# Filtering - Pre-Processing of the SEEG Signal (1/2)
This notebook presents the **pre-processing stage 1** the SEEG signal goes through before being fed to the SNN. The pre-processing stages are as follows:
1. **Filtering**: The SEEG signal is bandpass filtered to remove noise and artifacts. The bandpass filter is designed using the Butterworth filter and, since we are working with *iEEG*, the signal is filtered in the ripples and FR bands.
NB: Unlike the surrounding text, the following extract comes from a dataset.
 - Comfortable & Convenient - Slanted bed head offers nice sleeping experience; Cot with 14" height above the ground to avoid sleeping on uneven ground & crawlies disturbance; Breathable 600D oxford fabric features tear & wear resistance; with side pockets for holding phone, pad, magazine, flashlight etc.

The co-occurrence of HFOs in both bands is an optimal prediction of post-surgical seizure freedom by defining an optimal "HFO area" or EZ zone.
2. **Signal-to-Spike Conversion**: To interface and communicate with the silicon neurons in the SNN, the SEEG signal must be converted to spikes.

## Filtering
Depending on the EEG modality, the signal is filtered in different frequency bands. In this case, since we are handling *iEEG* or *sEEG* data, the signal is filtered in both the ripples (80-250Hz) and FR bands (250-500Hz). The co-occurrence of HFO in these bands represents an optimal prediction of post-surgical seizure freedom by defining an optimal "HFO area" or EZ zone.
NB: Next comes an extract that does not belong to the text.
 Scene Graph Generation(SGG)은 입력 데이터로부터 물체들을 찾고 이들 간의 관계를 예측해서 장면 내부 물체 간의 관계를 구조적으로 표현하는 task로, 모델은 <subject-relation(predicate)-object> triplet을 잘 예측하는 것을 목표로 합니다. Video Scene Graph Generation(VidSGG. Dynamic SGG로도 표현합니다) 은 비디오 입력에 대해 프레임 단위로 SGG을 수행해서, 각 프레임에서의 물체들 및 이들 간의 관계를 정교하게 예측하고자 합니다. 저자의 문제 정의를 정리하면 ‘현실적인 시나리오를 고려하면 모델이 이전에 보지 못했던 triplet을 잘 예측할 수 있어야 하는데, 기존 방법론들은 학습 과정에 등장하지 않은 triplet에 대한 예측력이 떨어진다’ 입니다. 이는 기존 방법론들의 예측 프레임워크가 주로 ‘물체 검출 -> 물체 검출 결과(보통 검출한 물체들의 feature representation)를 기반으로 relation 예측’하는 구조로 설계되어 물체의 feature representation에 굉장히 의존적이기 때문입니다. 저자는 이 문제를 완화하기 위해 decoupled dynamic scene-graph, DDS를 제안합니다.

The filter is implemented in different ways depending on the setup it will run on.
1. **Neuromorphic Hardware**: The filter is implemented using analog filters. 
2. **Software Simulation**: *Butterworth filters* are utilized since they are a good approximation of the tuned *Tow-Thomas* architectures implemented in hardware.

The frequency response of the *Butterworth filter* is maximally flat in the passband and rolls of towards 0 in the stopband.
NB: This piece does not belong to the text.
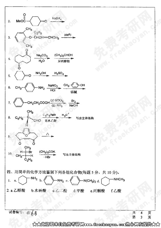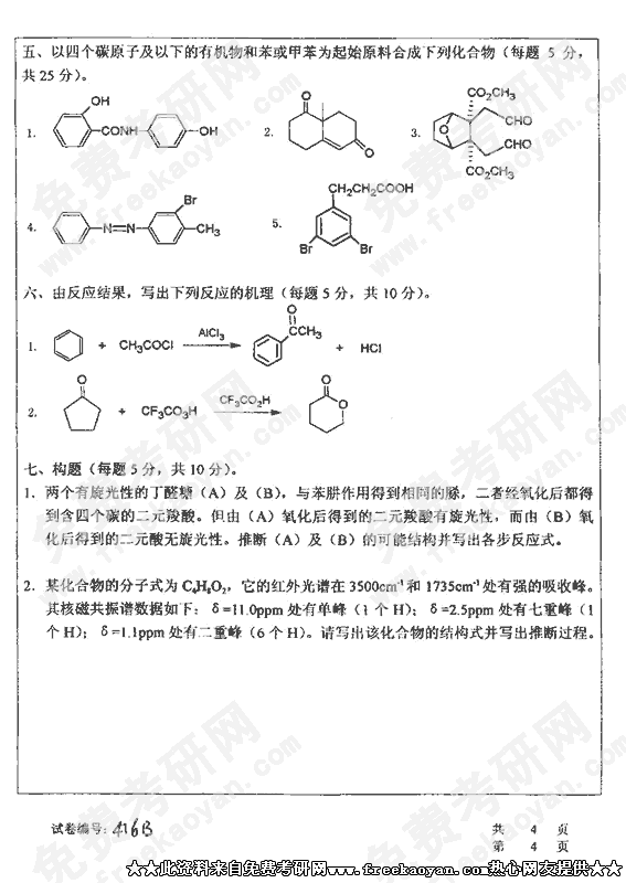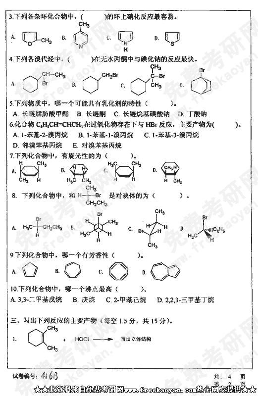华中科技大学2002年硕士研究生入学考试有机化学B卷

### Check WD (change if necessary) and file loading

In [109]:
# Show current directory
import os
curr_dir = os.getcwd()
print(curr_dir)

# Check if the current WD is the file location
if "/src/hfo/filter" not in os.getcwd():
    # Set working directory to this file location
    file_location = f"{os.getcwd()}/thesis-lava/src/hfo/filter"
    print("File Location: ", file_location)

    # Change the current working Directory
    os.chdir(file_location)

    # New Working Directory
    print("New Working Directory: ", os.getcwd())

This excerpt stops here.